Normally, when I’m watching soccer, I’m rooting for goals. Used to the GAA’s score-every-two-minutes average, I sometimes feel score-starved watching soccer. But when a game goes to extra-time, I become the biggest fan of goalies and defenders. Hoof it down the field, lads! Head it out of the box, good man! Please, gentlemen, keep your powder dry for the next 30 minutes. No one do anything to derail the delicious prospect of penalties. Let’s just get over the line.

The simplicity is a key part of it. Ordinarily, it’s no easy thing to put ourselves in the boots of Messi or Ronaldo or Van Dijk or Kane. They’re too good. They’re practically superhuman. When they line up a penalty, though, we’ve all been there – even if the goal we lined up in front of was made of jumpers, even if the keeper was Keith from fourth class. We all know what technique we’d employ, whether it’s roofing it, powering it straight down the middle, or calmly side-footing to the corner. On a lithe day, we reckon even our grannies and grandads would make a good fist of a penalty. Spot kicks are accessible and achievable in a way that so much of what pro soccer players do is not – which is what makes it all the crueller when an extremely talented, fit and wealthy professional blows it.

Penalty shootouts are also tactically fascinating from the managers’ perspective. Do you have your lineup picked in advance, or do you wait and see how things stand at the end of extra-time? It’s a similar dilemma to picking a relay team: do you put your biggest talent first to get a good start, or last to ensure a strong finish? (The latter approach is a risk, as Brazil demonstrated last week.) Both Van Dijk and Messi, as captains, showed leadership by going first in their drawn quarter-final – but is it only true leadership if you convert? Van Dijk’s miss was a blow to Dutch hopes, and Messi’s task was easier knowing that Big Virgil had just missed.

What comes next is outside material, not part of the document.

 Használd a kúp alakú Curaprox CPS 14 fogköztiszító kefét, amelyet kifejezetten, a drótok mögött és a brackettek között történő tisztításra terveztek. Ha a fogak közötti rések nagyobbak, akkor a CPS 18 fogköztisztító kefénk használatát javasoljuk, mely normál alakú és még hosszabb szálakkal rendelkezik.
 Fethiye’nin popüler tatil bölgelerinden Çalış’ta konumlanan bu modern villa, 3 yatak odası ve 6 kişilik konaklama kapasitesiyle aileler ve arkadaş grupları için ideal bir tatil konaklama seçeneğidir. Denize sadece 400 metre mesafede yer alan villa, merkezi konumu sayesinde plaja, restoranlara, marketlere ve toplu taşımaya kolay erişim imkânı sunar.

It’s a mental, psychological task more than it is a technical one. Messi often makes the keeper commit first and then simply places the ball where the keeper is not – something which requires incredible timing and agility, but most of all daring and force of will. Harry Kane was mentally prepared to take a penalty, but was he mentally prepared to take two? In trying to decide whether to stick to his original approach or change it up, did he fall between two stools?

It’s tough on the keepers, having to step in and out multiple times, but they’re at a psychological advantage in that they’re not expected to save it, not really. The odds are with the penalty-taker. If a keeper saves a penalty – or, in the case of Caoimhín Kelleher or Emiliano Martinez, saves two – he’s already performing above the odds.

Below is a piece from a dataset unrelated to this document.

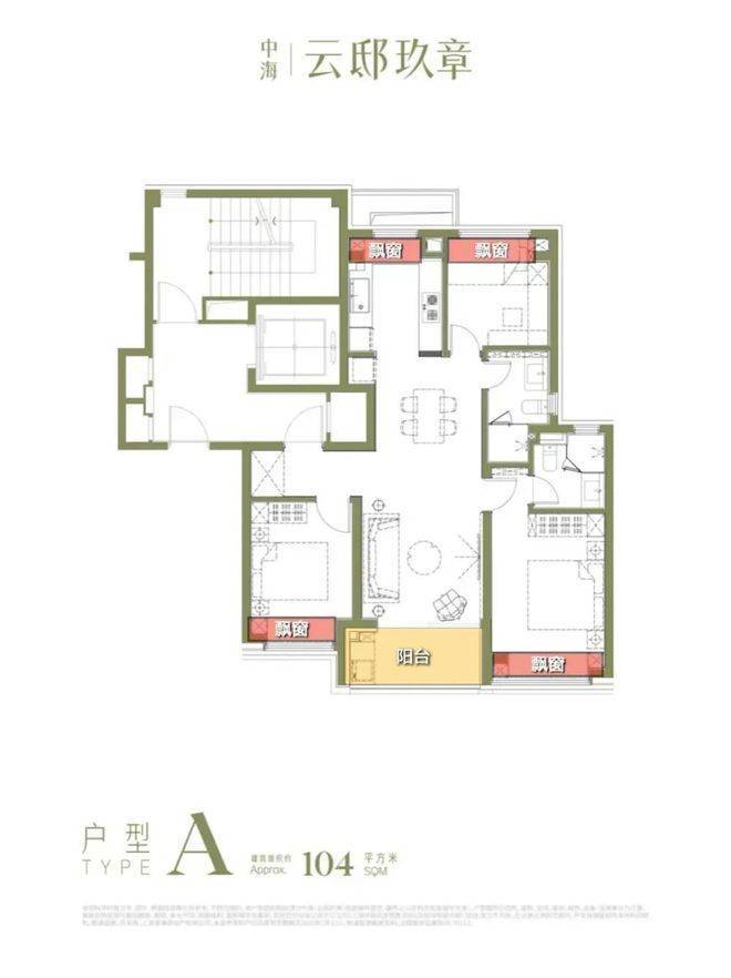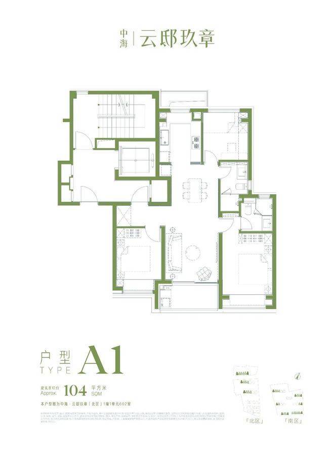 104㎡三房两卫,一梯两户,南北通透飞机户型,基本无连廊,折前单价10.65万/㎡,套均总价不到1100万。

If you must miss: is there a least painful way? A save is on target, but makes a hero of your opponent. Hitting the woodwork is tragic, the tightest of margins. Blasting it into the stands is a bad miss, but on your own terms: you haven’t been beaten by anyone or anything but yourself.

This much is true: everyone misses eventually. Even Messi, even Ronaldo, even Kane. Every player has a war story, everyone knows how it feels. (Is there anyone you would rather see comforting Kane than Gareth Southgate?) But again, this is why it’s so compelling. The pathos. The comfort of a team sport is that it’s rarely all on you. Even if you fumble a simple ball or miss a good opportunity, chances are that many of your teammates feel that they made mistakes, too. The burden of defeat is shared. The penalty shootout is one of the few times when it really does come down to individuals.

But as much as I love penalties, and as much as I love the GAA, the two don’t quite mesh. The beauty of the soccer shootout is, again, its simplicity: any striker should be able to score from there. But in the GAA, taking a free or a penalty is a speciality skill. That said, in a sport where scores are plentiful, where teams are all too often still level after extra time, we need a definitive way of getting a result. ‘Next score wins,’ maybe? Sometimes the playground solutions are best.